§ **What this task involves**
In the listing below, the lines starting at the line with "<!-- 登录页的版心 -->" and ending at the line with "Jostens Safety products" are to be output verbatim. Images stay out of the copy.

§ **Dataset content**
***

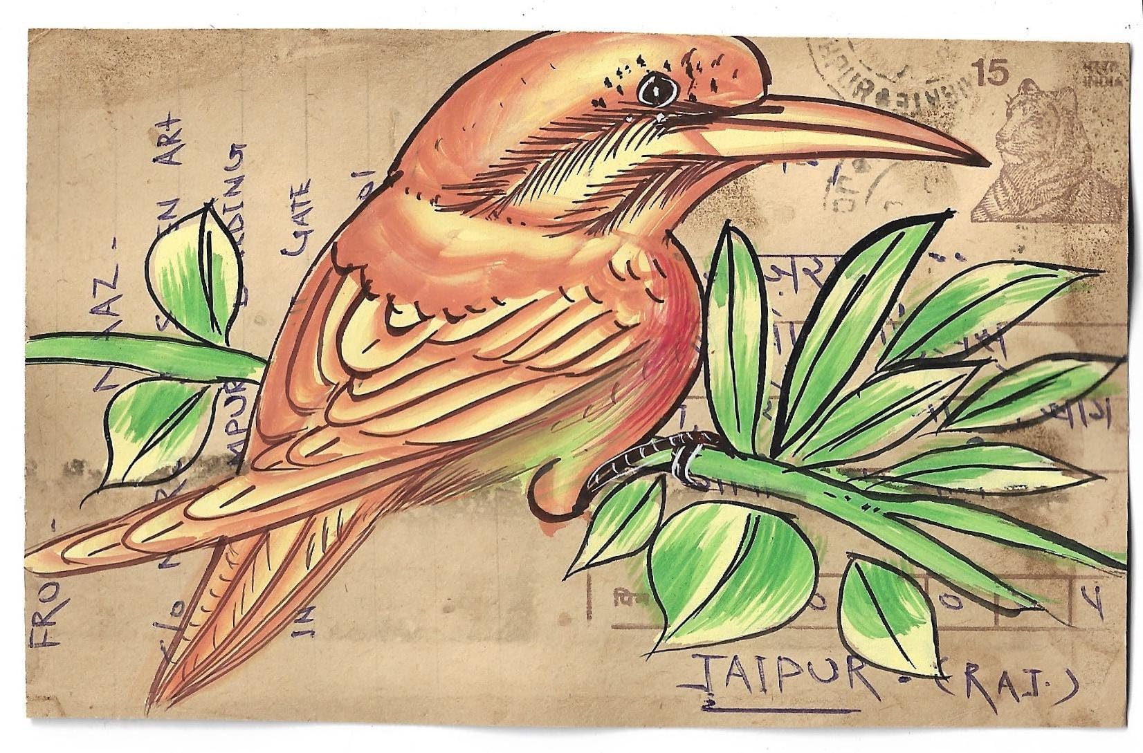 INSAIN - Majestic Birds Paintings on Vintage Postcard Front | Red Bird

***

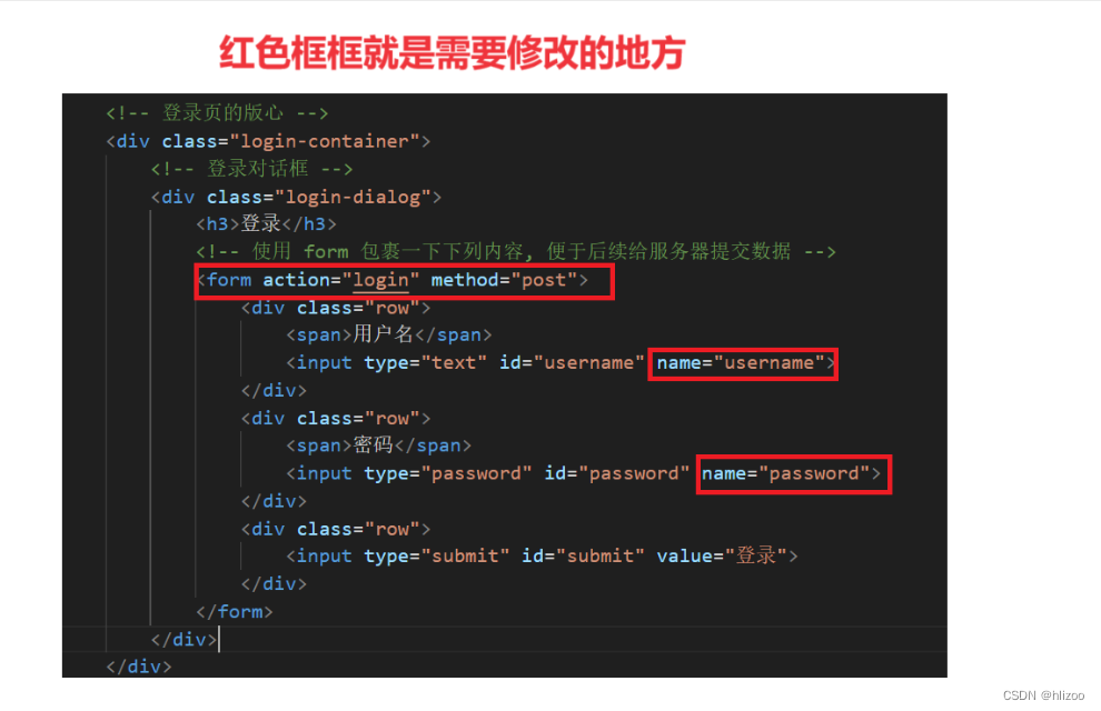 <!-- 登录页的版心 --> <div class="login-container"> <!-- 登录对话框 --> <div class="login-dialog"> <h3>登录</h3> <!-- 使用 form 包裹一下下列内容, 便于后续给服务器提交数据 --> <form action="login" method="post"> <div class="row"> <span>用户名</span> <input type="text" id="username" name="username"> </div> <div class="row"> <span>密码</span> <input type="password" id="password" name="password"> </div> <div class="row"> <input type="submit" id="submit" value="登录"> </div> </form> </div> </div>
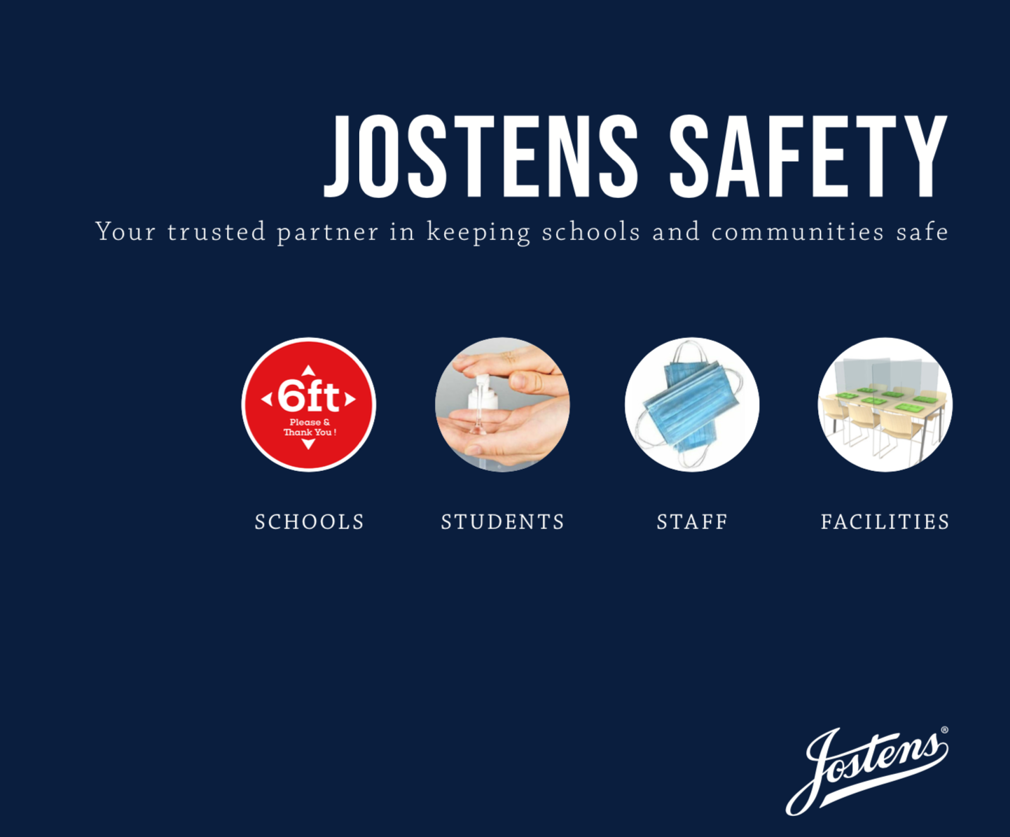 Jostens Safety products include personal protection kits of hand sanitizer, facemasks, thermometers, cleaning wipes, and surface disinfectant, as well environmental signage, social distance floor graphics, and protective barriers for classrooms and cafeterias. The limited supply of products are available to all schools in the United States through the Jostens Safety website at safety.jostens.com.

***

§ **Solution for this problem**
 <!-- 登录页的版心 --> <div class="login-container"> <!-- 登录对话框 --> <div class="login-dialog"> <h3>登录</h3> <!-- 使用 form 包裹一下下列内容, 便于后续给服务器提交数据 --> <form action="login" method="post"> <div class="row"> <span>用户名</span> <input type="text" id="username" name="username"> </div> <div class="row"> <span>密码</span> <input type="password" id="password" name="password"> </div> <div class="row"> <input type="submit" id="submit" value="登录"> </div> </form> </div> </div>
 Jostens Safety products include personal protection kits of hand sanitizer, facemasks, thermometers, cleaning wipes, and surface disinfectant, as well environmental signage, social distance floor graphics, and protective barriers for classrooms and cafeterias. The limited supply of products are available to all schools in the United States through the Jostens Safety website at safety.jostens.com.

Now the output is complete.